Fort de ses analyses précédemment critiquées, Moreau se lance dans une diatribe consistant à dire que les Polonais ont trahis les Français à deux reprises, dans l'affaire des Mistrals et dans l'affaire des hélicoptères Airbus, justifiant pour la France que, avec le cas de l'entre-deux-guerres, « l'alliance Franco-polonaise depuis 1918 n'a jamais servit à rien pour la France, les Polonais n'ont jamais tenus leurs paroles vis-à-vis de la France. »

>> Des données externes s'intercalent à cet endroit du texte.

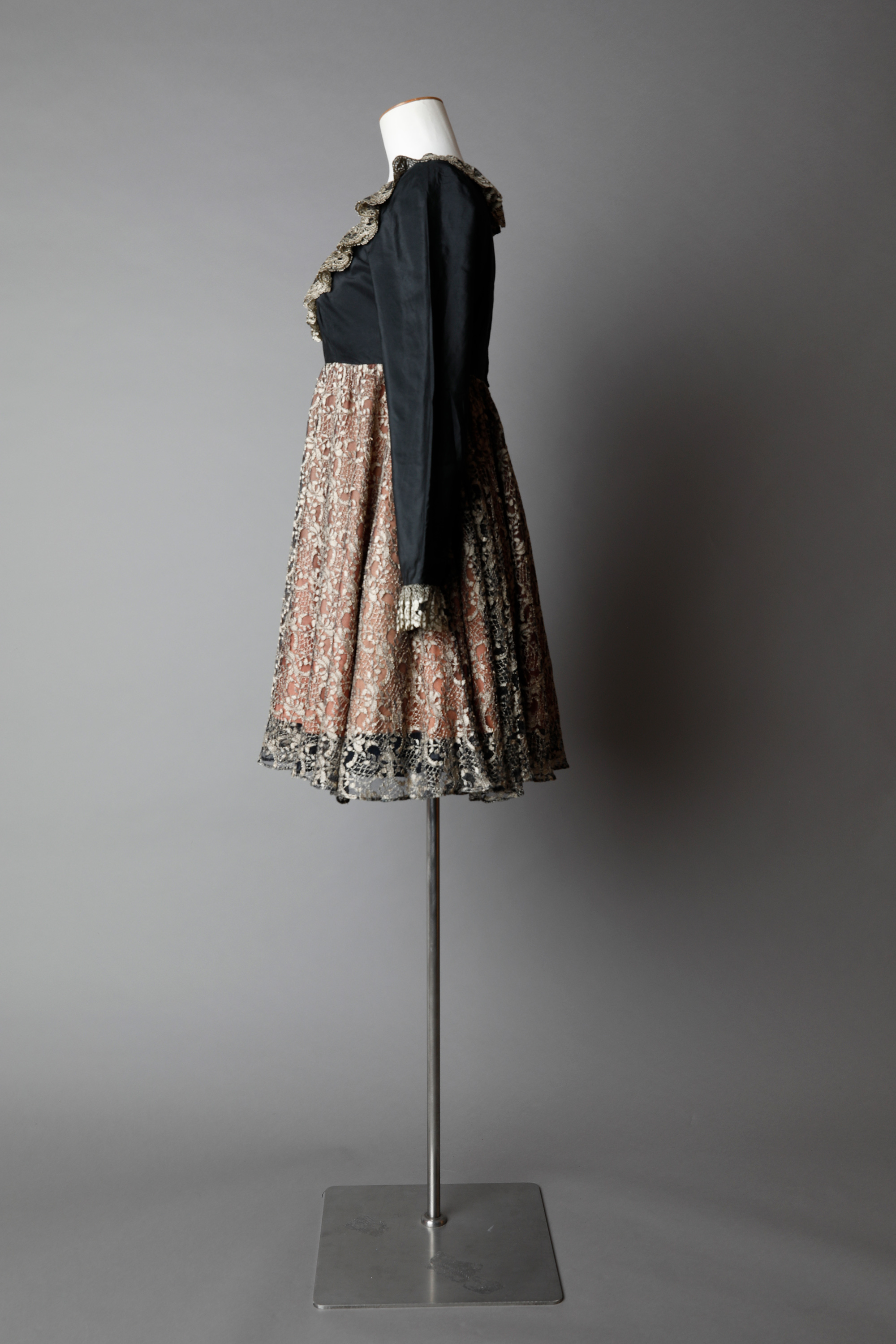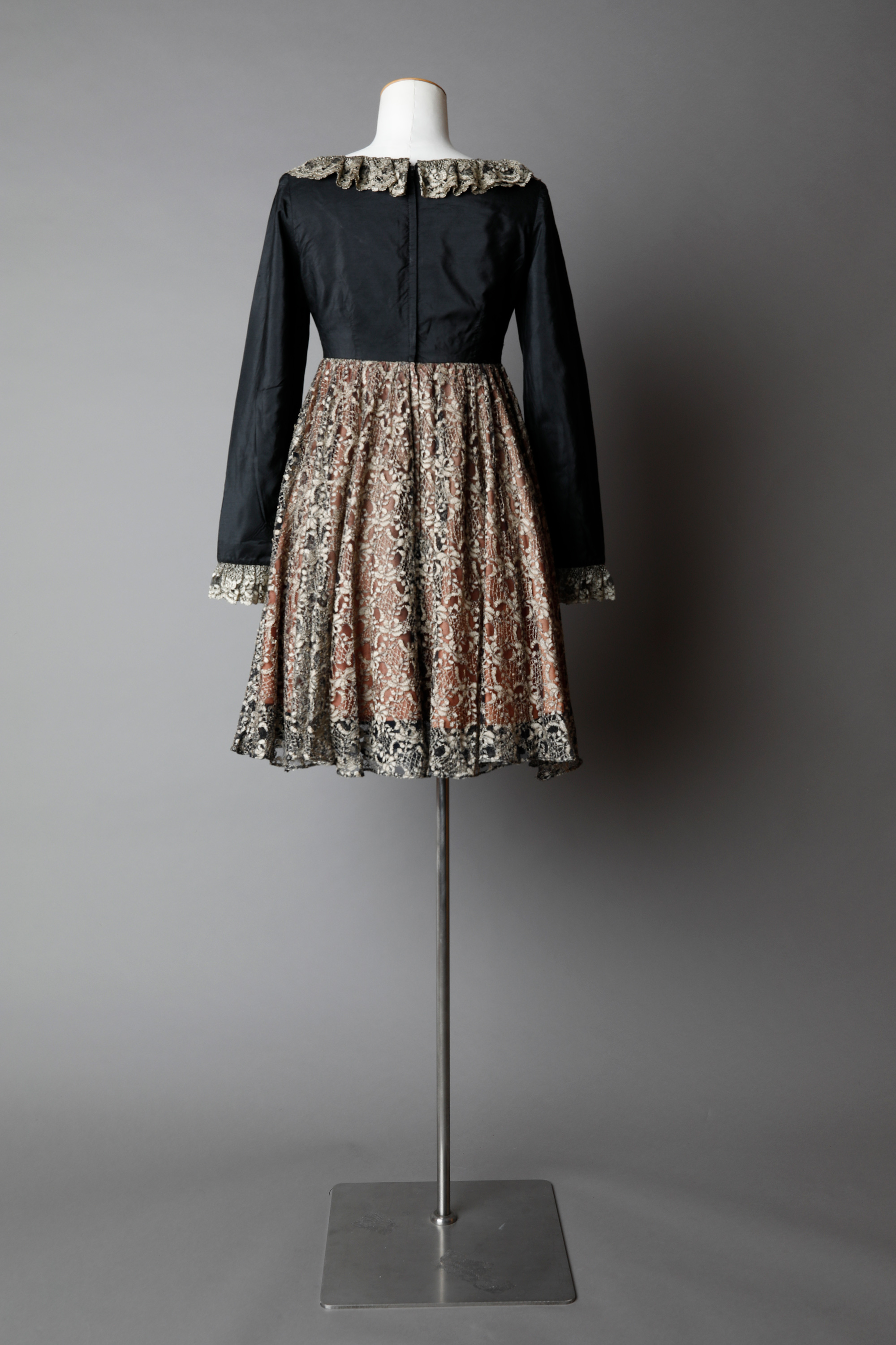 Dress with ruffled neckline & cuffs

Pour revenir tout d'abord sur l'affaire des Mistrals, le gouvernement de Hollande n'a pas rompu le contrat du fait des pressions américano-polonaises avant tout, mais du fait de l'annexion illégale de la Crimée, de l'envoi de troupes russes sur le sol ukrainien et du soutien à des entités séparatistes menaçant l'intégrité de l'Ukraine, le tout en ayant violé le mémorandum de Budapest signé en 1994****. En supplément de ces faits, les Polonais ont simplement, sous le gouvernement du PO de l'époque, offert à la France un appel d'offre avantageux sur un contrat en hélicoptères en cas d'annulation de l'affaire des Mistrals, dont de toute façon l'intégrité était déjà en branle devant les actions russes en Ukraine. La suite de l'annulation du contrat des hélicoptères Airbus n'est dû qu'à une chose, le changement de gouvernement du PO au PIS, qui a préféré négocier avec leur partenaire militaire habituel états-unien tout en privilégiant des entreprises polonaises.

En définitive, ce qui place en négatif les liens franco-polonais ne sont pas les trahisons supposées de la Pologne vis-à-vis de la France, mais la faiblesse de cette dernière sur le plan diplomatique et sur la projection géopolitique en Europe depuis les partages de la Pologne au XVIIe siècle, la France et ses élites ayant depuis ce moment privilégié des contacts avec la Russie, même lorsque cette même France tentait d'adopter une posture de soutien à une politique centro-orientale. La France fut depuis la fin de l'époque moderne toujours trop évasive et incohérente dans ses projection pour représenter un véritable allié pour la Pologne, alors même que la France possédait une tradition diplomatique en Europe centrale et orientale, notamment pour faire contrepoids aux tentations impériales Allemandes, et sous Napoléon aux gémonies impériales Russes. Ce sont pourtant bien les Français qui aujourd'hui sont les suiveurs béats de l'Allemagne au sein de l'UE pour la majorité de la classe politique française modérée, et les idiots utiles de la Russie pour les néo-conservateurs et conservateurs français.

Mais donc, que faire de cette analyse de Xavier Moreau ? L'oublier pour lui privilégier des travaux d'historiens et des analyses d'actualités qui ne reprennent pas des éléments de propagande grossiers.

Lilian /  C.N.C.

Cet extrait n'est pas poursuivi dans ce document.